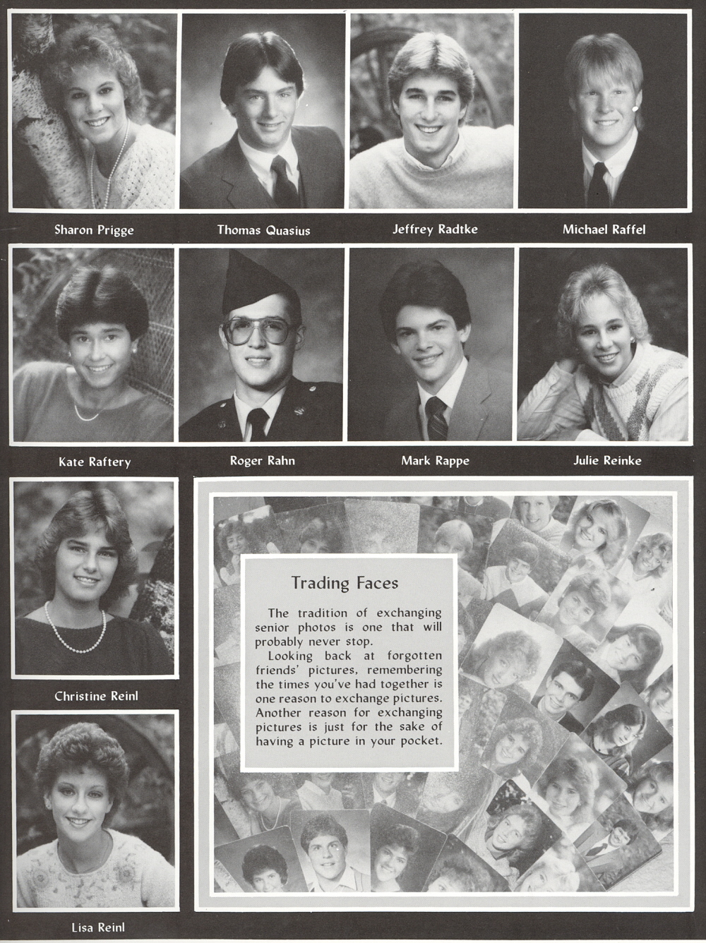 1985 Sheboygan North High School Yearbook, page 63: Sharon Prigge, Thomas Quasius, Jeffrey Radtke, Michael Raffel, Kate Raftery, Roger Rahn, Mark Rappe, Julie Reinke, Christine Reinl, Lisa Reinl.
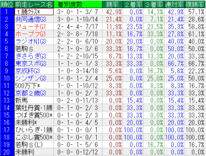 弥生賞の1~3着馬の前走成績(過去10年分)
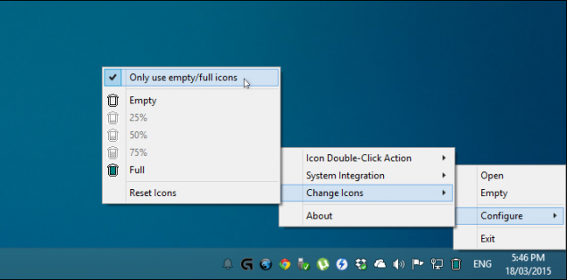 Утилита MiniBin позволяет также улучшить визуальную составляющую Корзины. Для этого в ней предусмотрена возможность использования альтернативных иконок, а в комплекте поставляется набор из 40 пиктограмм.
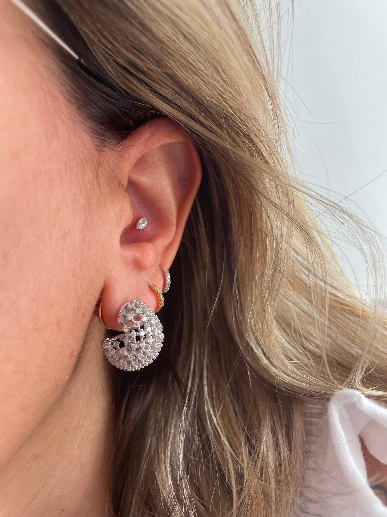 Argola abaulada aberta com zirconias e banho de ródio branco
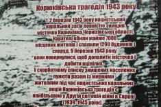 Довідково. Корюківська трагедія — наймасштабніший злочин проти людяності періоду Другої світової війни. Протягом 1-2, 9 березня 1943 року каральні загони нацистів вбили майже 7 тисяч жителів Корюківки, знищивши при цьому і саме містечко.
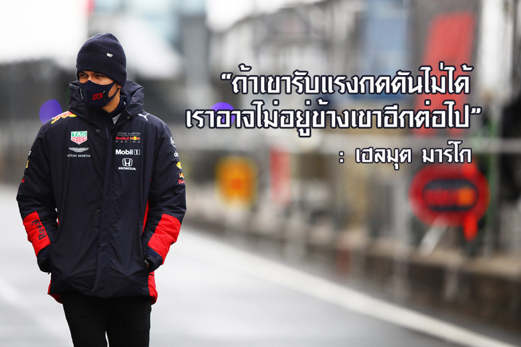 เฮลมุต มาร์โก ขรัวเฆ่าผู้ทรงอิทธิพลของ เรดบูลล์ เรซซิ่ง ออกโรงกดดัน อเล็กซานเดอร์ อัลบอน อังศุสิงห์ นักขับไทยให้รีดศักยภาพออกมาให้ถึงที่สุด เพราะหากทนแรงกดดันไม่ไหวจน “ฟอร์มบู่” ต่อเนื่อง ทีมอาจเรียกใช้ตัวเลือกอื่นอย่าง นิโก ฮัลเคนเบิร์ก หรือ เซอร์จิโอ เปเรซ
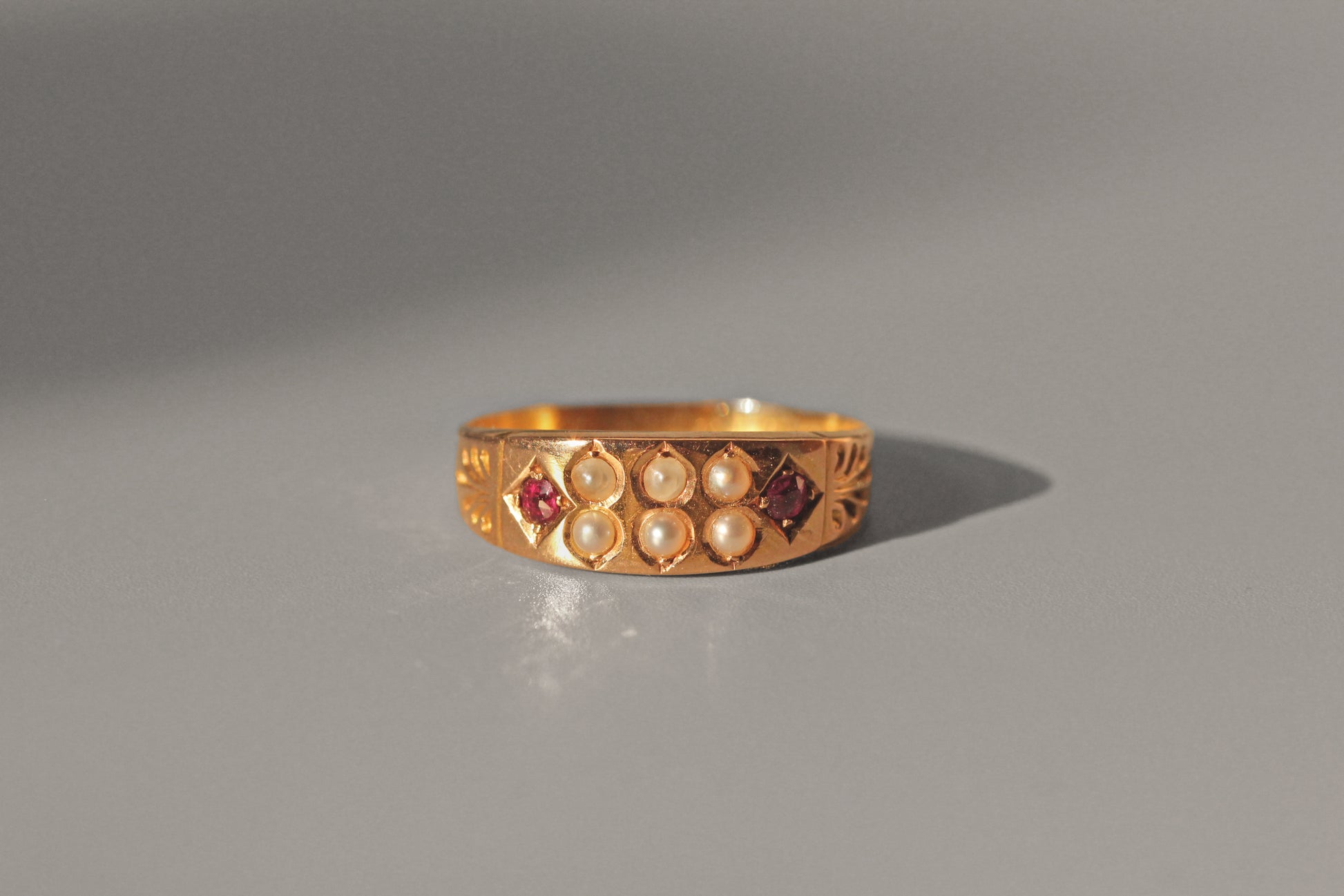 The ring features a flat, gently tapered band that leads into delicately etched shoulders, drawing the eye towards the ornate face of the ring. At its centre sits a harmonious arrangement of six seed pearls, admired for their soft cream tone and lovely natural lustre. These are flanked on either side by two hand cut rubies, vivid in colour and full of life.
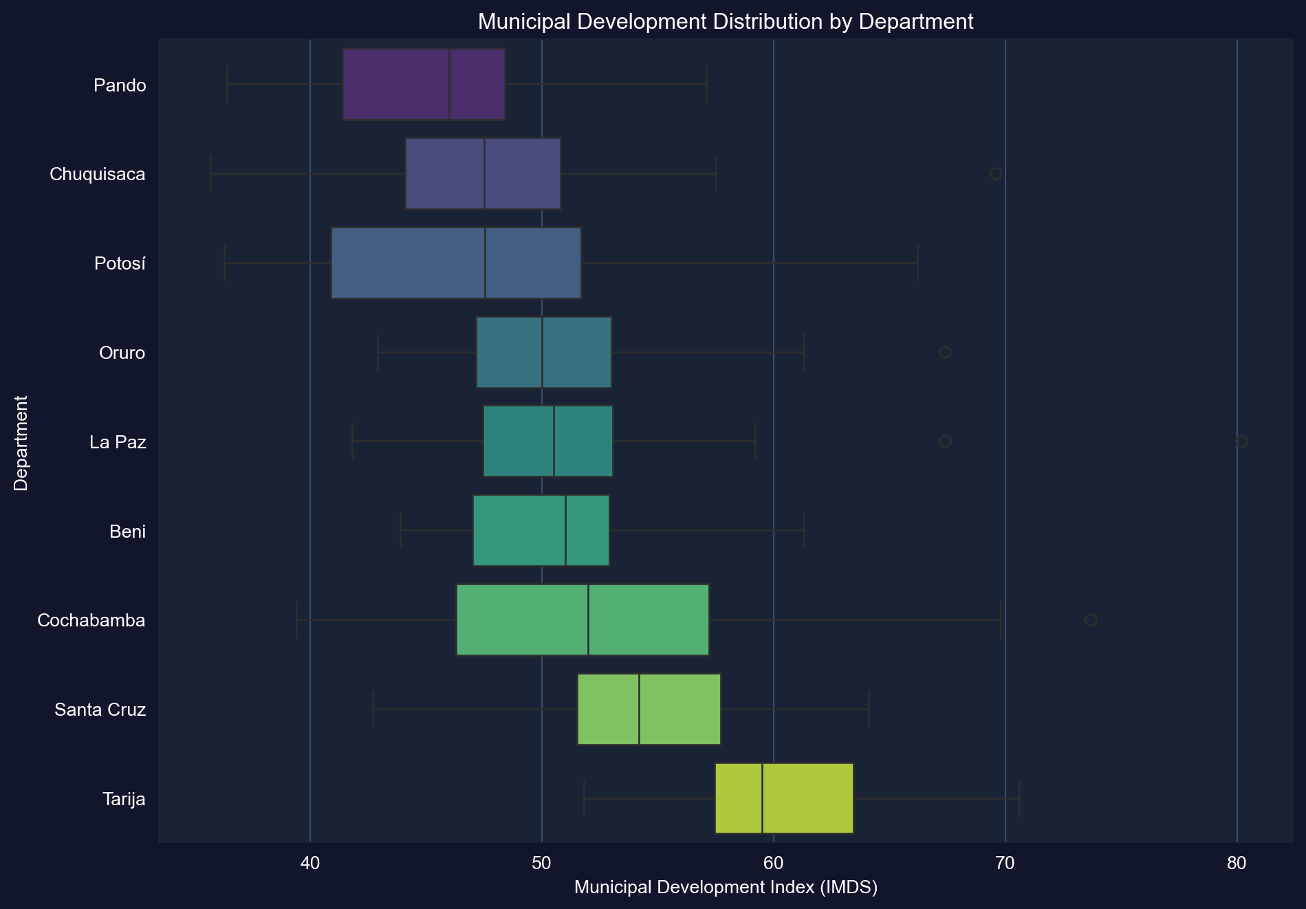 - **Regional comparison** of development distributions across Bolivia's 9 departments
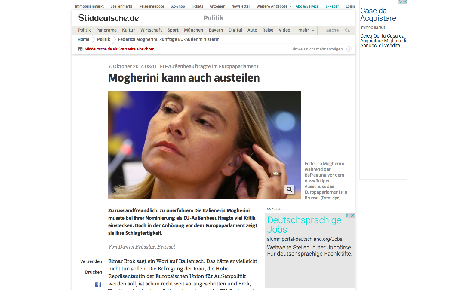 "Troppo vicina alla Russia, troppo inesperta: l’italiana Mogherini ha dovuto sopportare molte critiche da quando è stata nominata responsabile in pectore della Politica estera Ue. Ma all’audizione presso l’Europarlamento ha dimostrato la sua prontezza". Queste le prime righe di un pezzo pubblicato dal quotidiano tedesco Süddeutsche Zeitung.

### Problem to solve
The entries above need to be repeated word for word, minus their pictures.

### Your response
 1985 Sheboygan North High School Yearbook, page 63: Sharon Prigge, Thomas Quasius, Jeffrey Radtke, Michael Raffel, Kate Raftery, Roger Rahn, Mark Rappe, Julie Reinke, Christine Reinl, Lisa Reinl.
 弥生賞の1~3着馬の前走成績(過去10年分)
 Утилита MiniBin позволяет также улучшить визуальную составляющую Корзины. Для этого в ней предусмотрена возможность использования альтернативных иконок, а в комплекте поставляется набор из 40 пиктограмм.
 Argola abaulada aberta com zirconias e banho de ródio branco
 Довідково. Корюківська трагедія — наймасштабніший злочин проти людяності періоду Другої світової війни. Протягом 1-2, 9 березня 1943 року каральні загони нацистів вбили майже 7 тисяч жителів Корюківки, знищивши при цьому і саме містечко.
 เฮลมุต มาร์โก ขรัวเฆ่าผู้ทรงอิทธิพลของ เรดบูลล์ เรซซิ่ง ออกโรงกดดัน อเล็กซานเดอร์ อัลบอน อังศุสิงห์ นักขับไทยให้รีดศักยภาพออกมาให้ถึงที่สุด เพราะหากทนแรงกดดันไม่ไหวจน “ฟอร์มบู่” ต่อเนื่อง ทีมอาจเรียกใช้ตัวเลือกอื่นอย่าง นิโก ฮัลเคนเบิร์ก หรือ เซอร์จิโอ เปเรซ
 The ring features a flat, gently tapered band that leads into delicately etched shoulders, drawing the eye towards the ornate face of the ring. At its centre sits a harmonious arrangement of six seed pearls, admired for their soft cream tone and lovely natural lustre. These are flanked on either side by two hand cut rubies, vivid in colour and full of life.
 - **Regional comparison** of development distributions across Bolivia's 9 departments
 "Troppo vicina alla Russia, troppo inesperta: l’italiana Mogherini ha dovuto sopportare molte critiche da quando è stata nominata responsabile in pectore della Politica estera Ue. Ma all’audizione presso l’Europarlamento ha dimostrato la sua prontezza". Queste le prime righe di un pezzo pubblicato dal quotidiano tedesco Süddeutsche Zeitung.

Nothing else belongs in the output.